What you have to do: What follows is a set of records. Retype them exactly, leaving out the pictures.

Provided information:
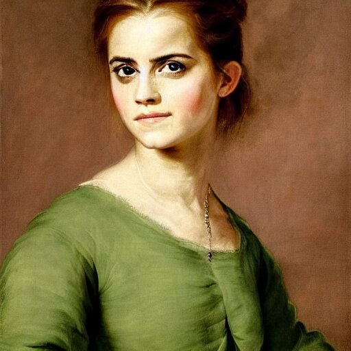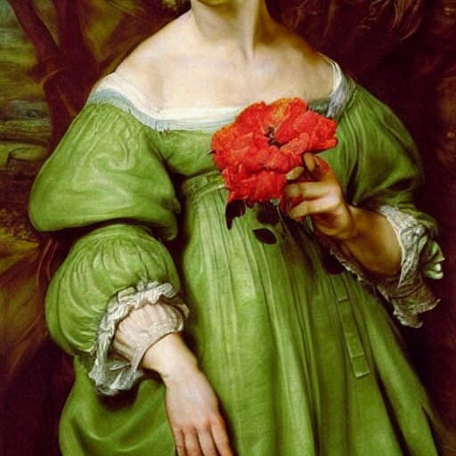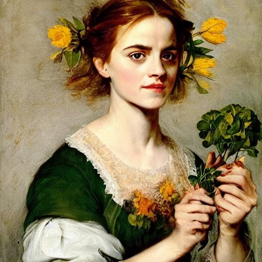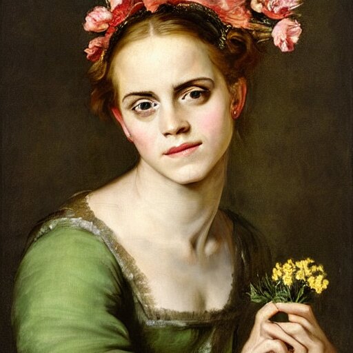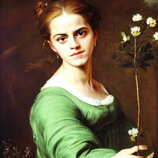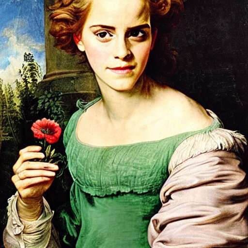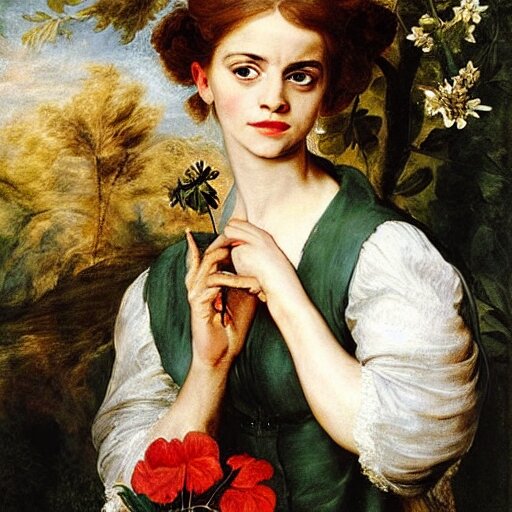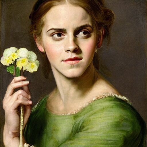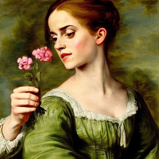 Emma watson wearing green tunic holding a flower. painted by rubens
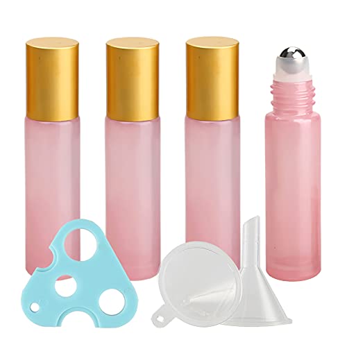 TIANZD Lot de 4, Flacons à Bille pour Huiles Essentielles 10ml – Bouteilles Roll-on en Verre Rose avec Couvercle Or avec Rouleau en Acier Inoxydable (1 décapsuleur et 1 entonnoir)
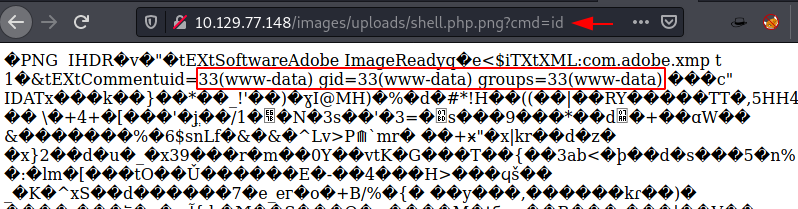 http://10.129.77.148/images/uploads/shell.php.png?cmd=id
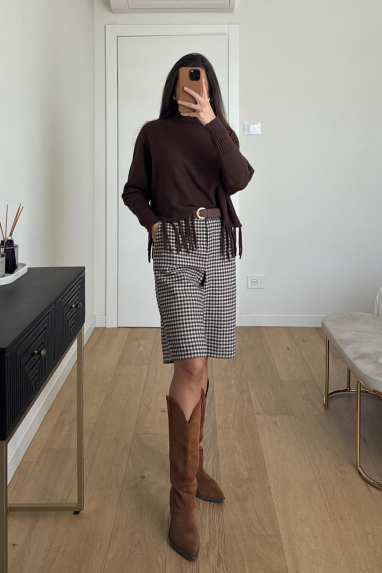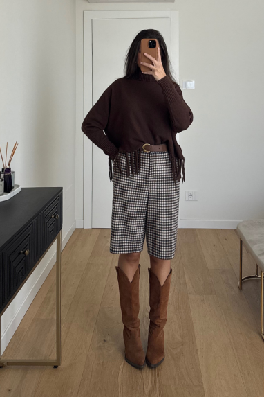 Bermuda micro check con tasche laterali, chiusura classica bottone e cerniera.
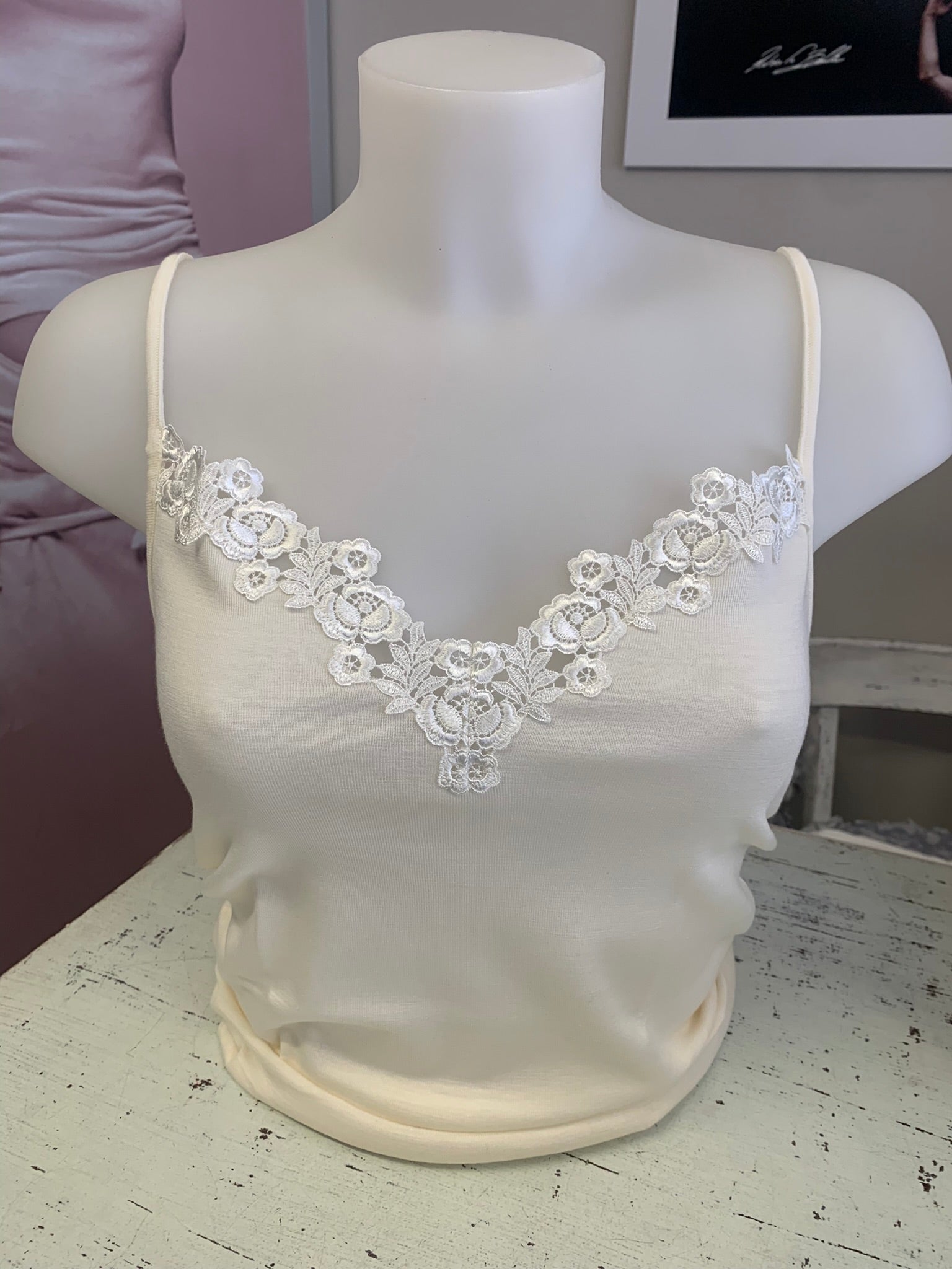 Lisanza canotta lana seta a V con pizzo macramè a punta centrale (Art. 1149)
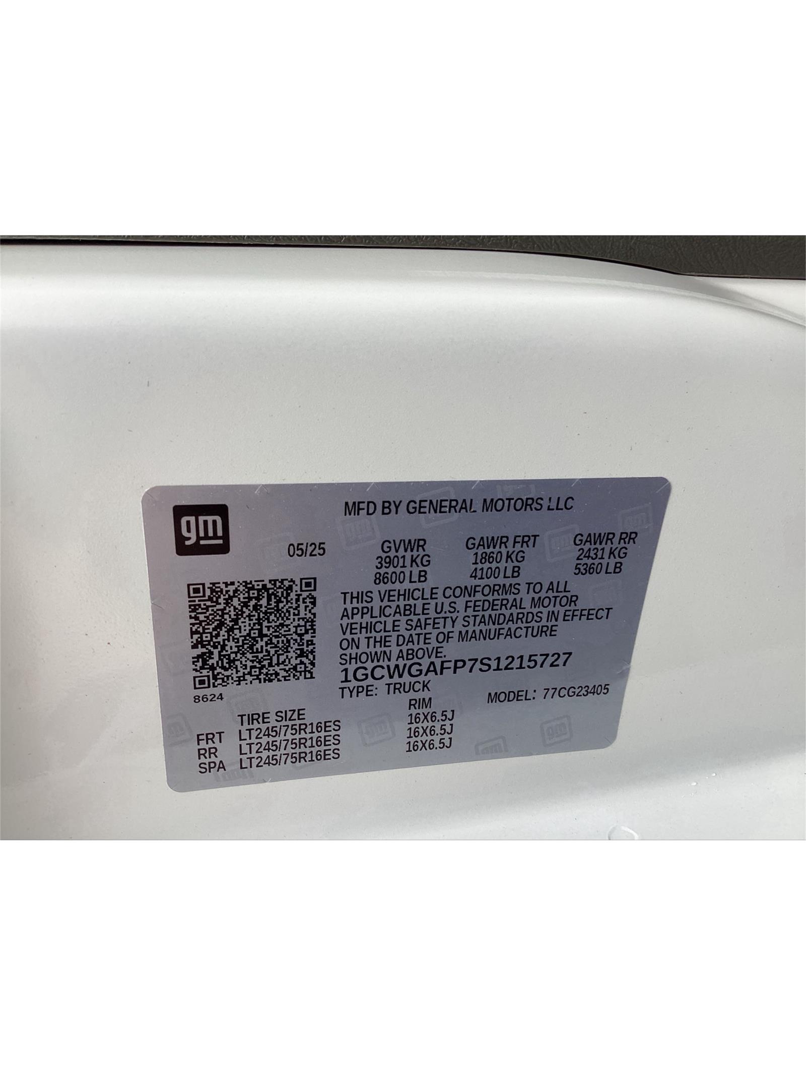 VIN 1GCWGAFP7S1215727
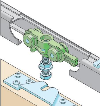 Posuvný systém LEGGERA výrazne šetrí miesto. Hliníkové alebo drevené dvere s týmto posuvným systémom zaberú len 0,1 m2, čo oceníte hlavne v malých interiéroch. Tento základný posuvný systém má ložiskové posuvné vozíky a umožňuje zavesenie krídla dverí až do váhy 70 kg.
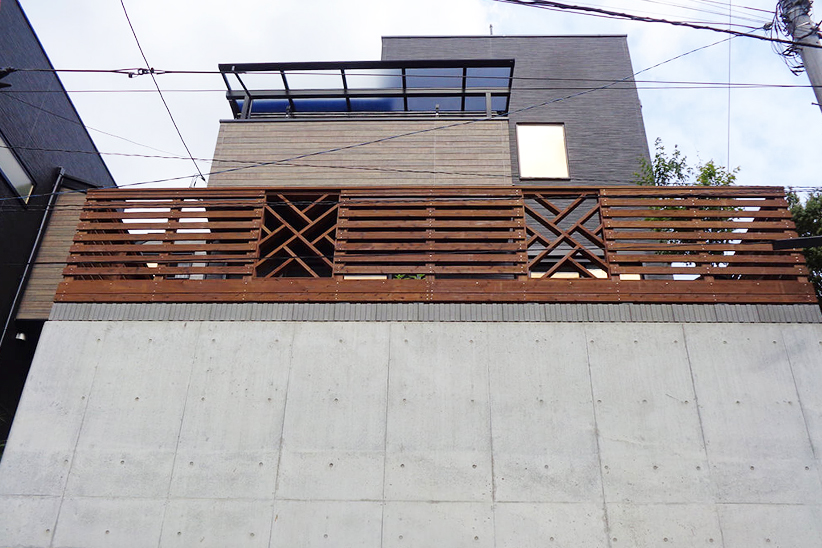 横張りデザインとオリジナルデザインフェンスを2か所はめ込みました。

Reply to the exercise:
 Emma watson wearing green tunic holding a flower. painted by rubens
 TIANZD Lot de 4, Flacons à Bille pour Huiles Essentielles 10ml – Bouteilles Roll-on en Verre Rose avec Couvercle Or avec Rouleau en Acier Inoxydable (1 décapsuleur et 1 entonnoir)
 http://10.129.77.148/images/uploads/shell.php.png?cmd=id
 Bermuda micro check con tasche laterali, chiusura classica bottone e cerniera.
 Lisanza canotta lana seta a V con pizzo macramè a punta centrale (Art. 1149)
 VIN 1GCWGAFP7S1215727
 Posuvný systém LEGGERA výrazne šetrí miesto. Hliníkové alebo drevené dvere s týmto posuvným systémom zaberú len 0,1 m2, čo oceníte hlavne v malých interiéroch. Tento základný posuvný systém má ložiskové posuvné vozíky a umožňuje zavesenie krídla dverí až do váhy 70 kg.
 横張りデザインとオリジナルデザインフェンスを2か所はめ込みました。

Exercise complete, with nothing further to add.